In hospital, with all the other issues such as feeling unwell, different foods, other interventions, I suspect consistency with usual daily life is much more difficult to achieve.



Quite possibly it is backing chart changes in a hospital context.

I can't see it endorsing the "take it when you usually do" approach - it could so easily have said that. Or said nothing. It is an explicit instruction to shift time of dose - I cannot read it any other way, I'm afraid.

Completely agree it is troubling this needed to be written at all. I'd have zero confidence in something adjusting my levothyroxine taking who actually needed to be told! And, if they need to be told, my comments about the other issues would also be needed, I fear.


One French hospital I was in, my levo was served with my breakfast - breakfast was a large bowl of milky coffee! When I suggested to the nurse that it should be taken an hour before breakfast, she had fifty fits and a litter of kittens! Shouted at me that... well, I don't really know what. But, I think she disagreed. Thank god I was only in there for three nights!

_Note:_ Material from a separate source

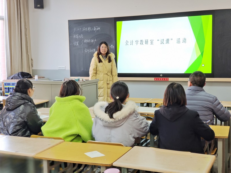 为了提高教师课堂教学质量和自身业务能力,2021年12月9日下午会计教研室在教研室主任石彩艳的组织下开展了本学期首次“议课”活动。活动由石彩艳主持,教师发展中心的宋众琴老师和全体会计教研室成员参加

Bahahaha, I love french nurses too. Having been given 1000mg of paracetamol 5 times /day, complaining about stomac ache, I was told that paracetamol had no side effects whatsoever!

She was barely 25 !

On another occation, having been on Tramadol for a week or two ,

in hospital recovery unite, without getting to see a doctor for 2 weeks, I did dare to downgrade, I was caught with Codolipran, (Paracetamol with some codein in it ).And treated like a criminal. For not having had the perscription changed.

I was accused with going behind their back, by being careful. (Codolipran beeing an over the counter here.)



What I would like to see is the day when the patient themselves are going to be trusted to administer their own meds according to their own schedule rather than that of a drugs trolley's... After all, nobody supervises us at home do they? We are BIG people, quite capable of administering our own treatment. 9.9 times out of 10 the hospitals get it totally wrong anyway!


Good points. It really is neglectful that there is no rationale for this information. Also wrong as those with a high cortisol spike in the morning and lower in the evening will do better and convert better if taken at night. Grrr


We need Diogenes to be put in charge of all pharmacists, GPs and endocrinologists, supported by a team of suitably informed people from this website. This silly situation could be sorted out over night!!!